My initial plan is to aim for Class A/B locations, but I may revise that as I move forward. No doubt you can find great tenants in Class C locations, but like you said, harder to manage from a distance. 

@Max Householder --That second paragraph is gold, and I'm going to apply that plan moving forward. Are there any particular indicators you look for when picking locations? Good school districts, low crime, high rents, job growth? I'm planning on investing long-distance and am hoping to narrow down potential neighborhoods by analyzing statistics before I plan my visit.

@Matt Shaver , thanks for pointing out those costs. Utilities didn't even occur to me. 

This is my first post on BiggerPockets, and it's been so helpful. Thanks, everyone!

I would double the maintenance assumption for this area and be sure to look into the landlord laws, especially around city inspections. I would also increase vacancy assumption. City inspections add time to your turnover, as you are at the mercy of their schedule and repair requests.

Hey I know its not on topic but your spreadsheet looks awesome, very aesthetically pleasing and clear. is it downloadable somewhere?

One next step thing I would recommend is having a GC and/or accessor walk through the site to give you a better idea on if those numbers are legit for what you are targeting. Hope it goes well if you make moves on it

@Bryan Watson I bought the spreadsheet here. The layout is great and makes info easier to digest. It was missing some key metrics that I care about, so I've doctored it up considerably and have my own version. I would share, but the original isn't my intellectual property :(

So you want to come in from out of town and buy the second most expensive multifamily in the zip code (originally priced the highest) that has been sitting on the market for more than 6 months? I don't think your plan of assuming all the local investors are uneducated rubes is going to work in your favor.

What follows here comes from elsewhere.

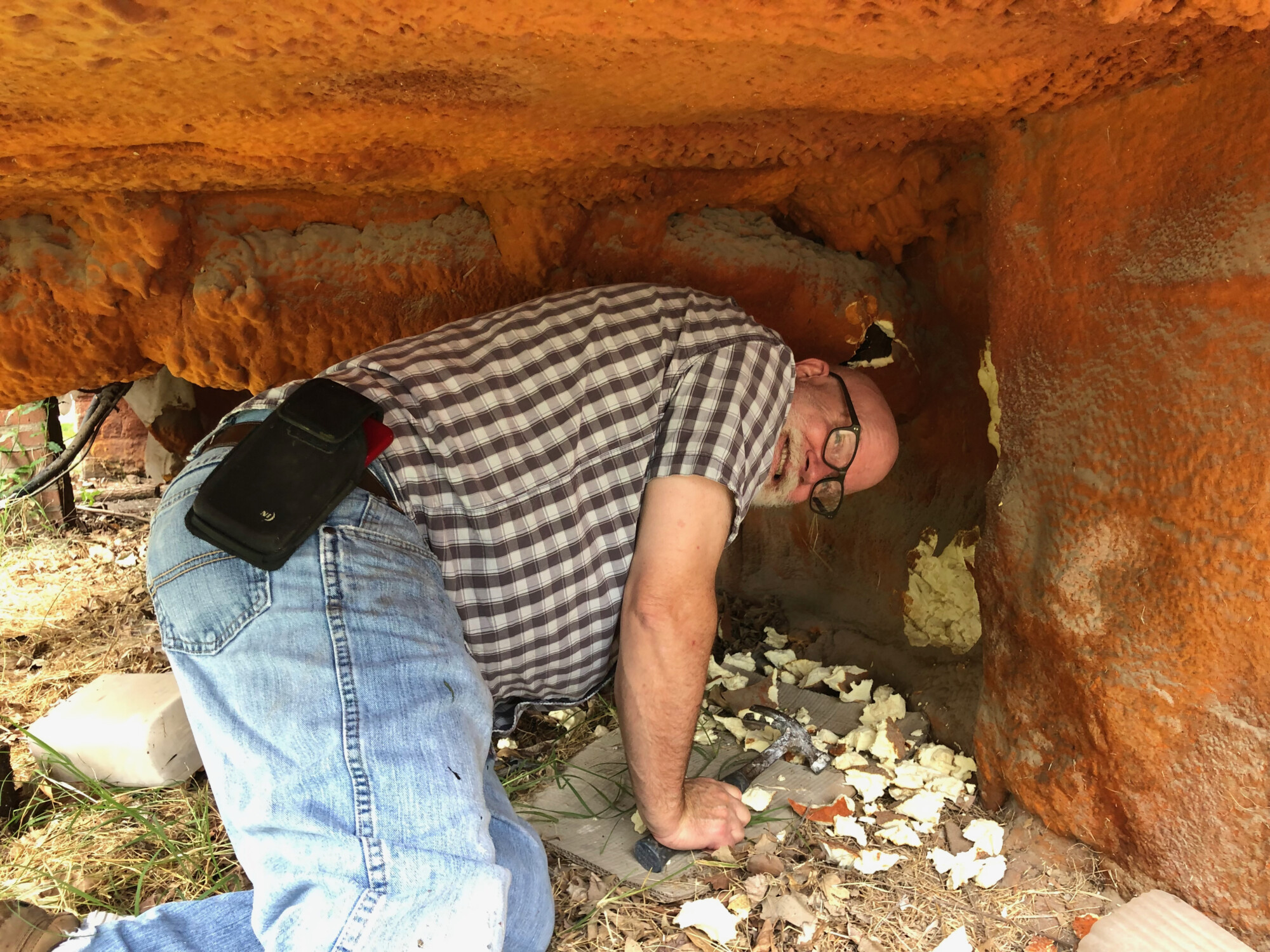 I needed to crawl under the south porch to chip away at the spray foam, in like 100-degree heat. Sooooooo not fun.

Snark aside, think about that a little bit. The locals know the market. A quad for less than $100k may sound great from your NYC perspective but why have the STL locals let it sit on the market for so long if it's a deal? Don't get me wrong, I love buying when out of state investors lose their *** in STL because they assume they are smarter than the locals, but I hate seeing the properties rot when they get in over their head and stop taking care of them. You shouldn't be looking at anything that is sitting on the market for months. It's not even worth running the numbers exercise.  Like @Max Householder said, you need to pick an area and watch it like a hawk. Whether it's STL or another out of state location, you want to see what properties are selling for that are off the market in a matter of days or a couple of weeks max, not months. Good luck.

Not to beat a dead horse because I believe it has already been said..... I would NOT invest in that part of St. Louis if you are new and inexperienced. The northern part of the city is known to be the roughest part of town. I try not to even drive through that area I stick with a 2 zip codes in south city. Its pretty difficult to find a great deal on the MLS in south city right now as I've seen some duplexes and quads only last on the market for a few days and also sell over asking price. It's nuts! It's also a much more desirable part of town.